Moers. Mord in Vinn: Der Täter stach bei einem Streit um die Kinder seinem Opfer direkt ins Gesicht. Von Jürgen Stock

Vor dem Schwurgericht in Kleve beginnt am morgigen Donnerstag ein Prozess um eine Bluttat, die im Mai Moers erschüttert hat. Laut Anklage soll ein 48-Jähriger aus Moers am 21. Mai. 2015 seine Ehefrau vorsätzlich und heimtückisch erstochen haben.

Unmittelbar nach der Tat hatte die Staatsanwaltschaft zunächst ein Ermittlungsverfahren wegen Totschlags eingeleitet. Nach den vorliegenden Erkenntnissen sieht die Anklage das für einen Mord nötige Tatmerkmal der Heimtücke als gegeben an. Nach Angaben der Staatsanwaltschaft hatte es am Tattag in der Vinner Wohnung der Frau zunächst einen Streit zwischen dem Mann und der von ihm getrennt lebenden Ehefrau gegeben. Anlass für die Auseinandersetzung sei die Ankündigung des Mannes gewesen, die gemeinsamen Kinder zu sich mit nach Hamburg zu nehmen.

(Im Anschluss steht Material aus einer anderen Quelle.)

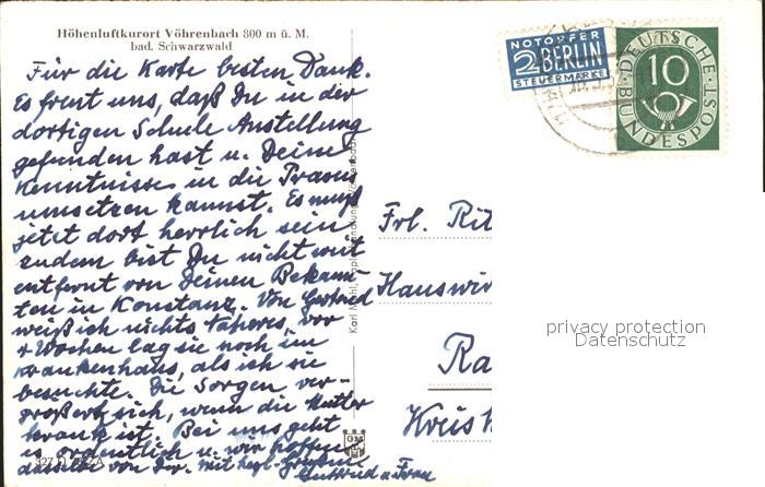 31841490 alte Postkarte Voehrenbach Gasthaus zum Engel postalisch gelaufen Erhaltung siehe scans KatCode: 11110008326068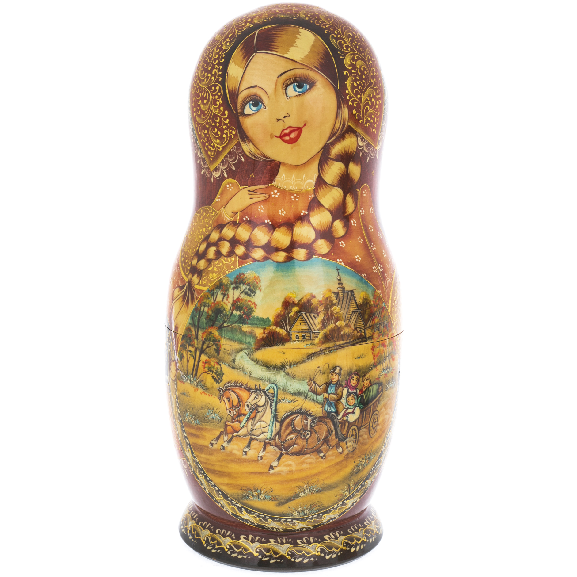Матрёшка на 15 мест "Родные просторы" 33 смМатрёшка на 15 мест "Родные просторы" 33 смДеревянная матрешка – народная игрушка, символизирующая исконно русскую культуру, превратилась в традиционный русский сувенир, который любят иностранные туристы. Матрешку можно назвать и символом России, как дымковскую игрушку, уральскую бересту, жостовские подносы или другие самобытные сувениры. Стильные сувенирные матрешки, с любовью расписанные русскими мастерами в традиционном стиле, станут прекрасным подарком для иностранных партнеров и разборчивых коллекционеров.

Nach dem Streit soll sich der Angeklagte in der Küche mit einem Küchenmesser bewaffnet haben, das er im Ärmel seines Pullovers versteckte und dann zu seiner Ehefrau auf den Balkon zurückgekehrt sein. Plötzlich und für das Opfer vollkommen unerwartet soll der Angeklagte sodann das Messer aus dem Ärmel gezogen und seiner Ehefrau direkt zunächst in das Gesicht gestochen haben. Insgesamt listet der Obduktionsbericht 72 Stichverletzungen am gesamten Körper. Die Frau starb noch am Tatort an ihren Verletzungen. Die Polizei konnte den mutmaßlichen Täter im Flur des Mehrfamilienhauses festnehmen. Der Mann leistete keinen Widerstand. Während der Tat waren die beiden minderjährigen Kinder ebenfalls in der Wohnung. Das Jugendamt hat sie bei einer Pflegefamilie untergebracht.

Der Angeklagten hat sich in der polizeilichen Vernehmung nicht zur Sache eingelassen. Zur Hauptverhandlung sind zahlreiche Zeugen sowie zwei Sachverständige geladen. Der Prozess wurde zunächst auf vier Verhandlungstage terminiert. Bei einer Verurteilung wegen Mordes lässt das Strafgesetzbuch nur eine lebenslange Freiheitsstrafe zu. Nur bei einer Verurteilung wegen Totschlags wäre auch eine niedrigere Strafe möglich.